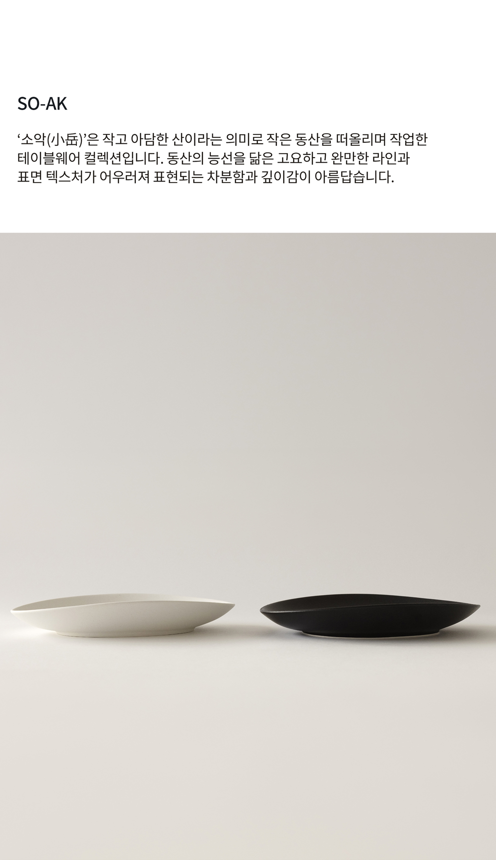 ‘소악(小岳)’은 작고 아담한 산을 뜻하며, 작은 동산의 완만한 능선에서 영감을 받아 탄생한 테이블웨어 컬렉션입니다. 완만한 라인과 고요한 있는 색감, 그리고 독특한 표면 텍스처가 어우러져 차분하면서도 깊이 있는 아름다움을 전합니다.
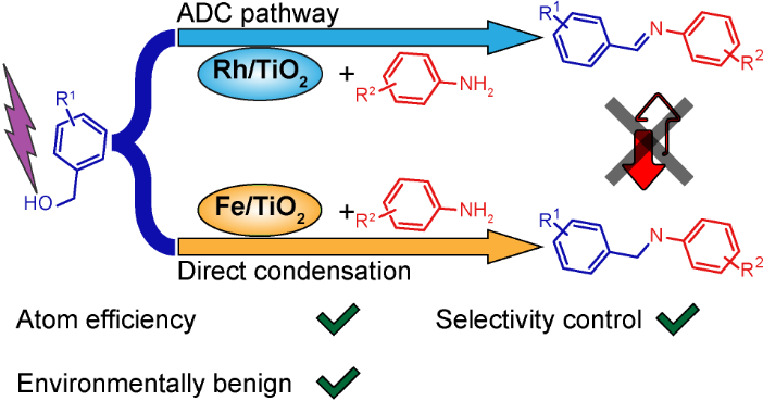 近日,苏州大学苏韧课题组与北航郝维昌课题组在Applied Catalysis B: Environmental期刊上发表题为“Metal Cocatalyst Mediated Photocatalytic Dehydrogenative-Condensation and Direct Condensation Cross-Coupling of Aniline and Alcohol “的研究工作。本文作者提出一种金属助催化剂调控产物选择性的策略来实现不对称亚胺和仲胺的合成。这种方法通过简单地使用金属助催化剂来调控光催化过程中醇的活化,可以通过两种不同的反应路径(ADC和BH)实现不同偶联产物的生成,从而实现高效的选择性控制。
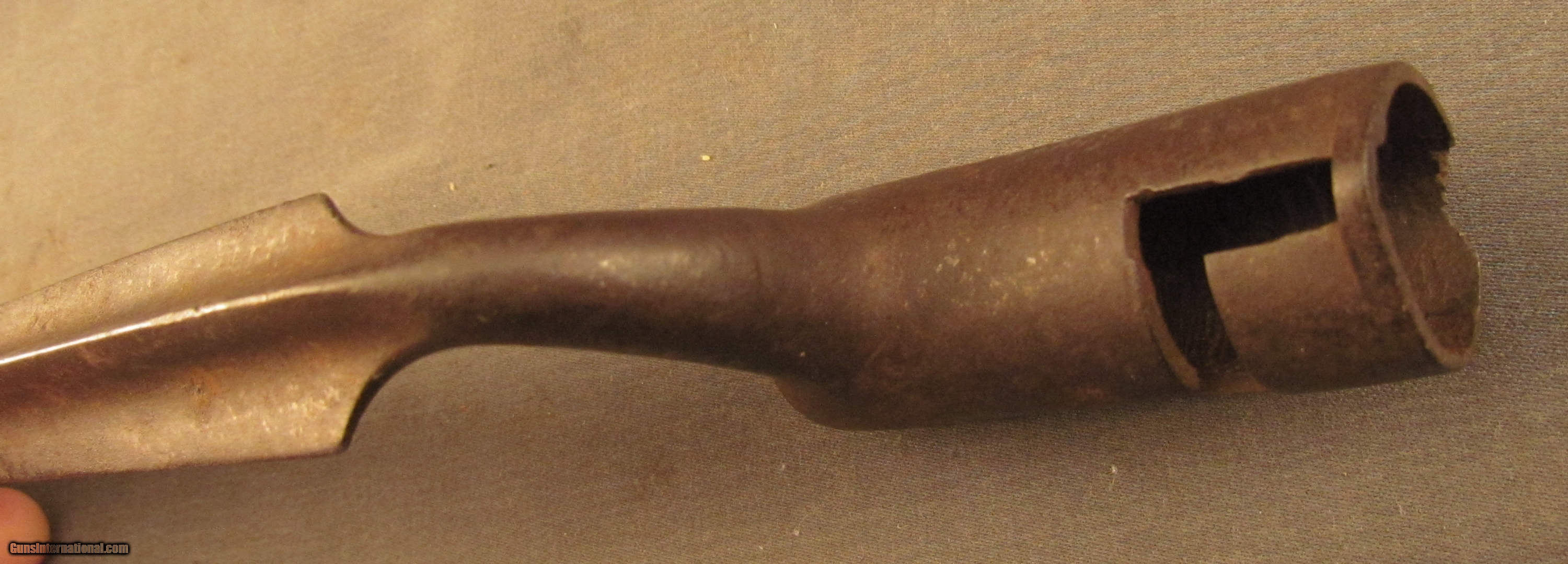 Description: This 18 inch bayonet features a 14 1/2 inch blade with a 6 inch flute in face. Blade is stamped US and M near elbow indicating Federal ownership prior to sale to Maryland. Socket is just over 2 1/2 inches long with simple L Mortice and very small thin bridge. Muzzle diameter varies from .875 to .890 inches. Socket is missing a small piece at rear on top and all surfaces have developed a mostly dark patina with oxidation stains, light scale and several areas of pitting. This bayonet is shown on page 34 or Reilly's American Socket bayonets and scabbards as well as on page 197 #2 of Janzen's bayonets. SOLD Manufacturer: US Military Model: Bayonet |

- - - - - - -

The first line of the listing through the line with "Cocatalyst Mediated Photocatalytic": repeat exactly that span and nothing more, skipping pictures.

Solution for this exercise:
 ‘소악(小岳)’은 작고 아담한 산을 뜻하며, 작은 동산의 완만한 능선에서 영감을 받아 탄생한 테이블웨어 컬렉션입니다. 완만한 라인과 고요한 있는 색감, 그리고 독특한 표면 텍스처가 어우러져 차분하면서도 깊이 있는 아름다움을 전합니다.
 近日,苏州大学苏韧课题组与北航郝维昌课题组在Applied Catalysis B: Environmental期刊上发表题为“Metal Cocatalyst Mediated Photocatalytic Dehydrogenative-Condensation and Direct Condensation Cross-Coupling of Aniline and Alcohol “的研究工作。本文作者提出一种金属助催化剂调控产物选择性的策略来实现不对称亚胺和仲胺的合成。这种方法通过简单地使用金属助催化剂来调控光催化过程中醇的活化,可以通过两种不同的反应路径(ADC和BH)实现不同偶联产物的生成,从而实现高效的选择性控制。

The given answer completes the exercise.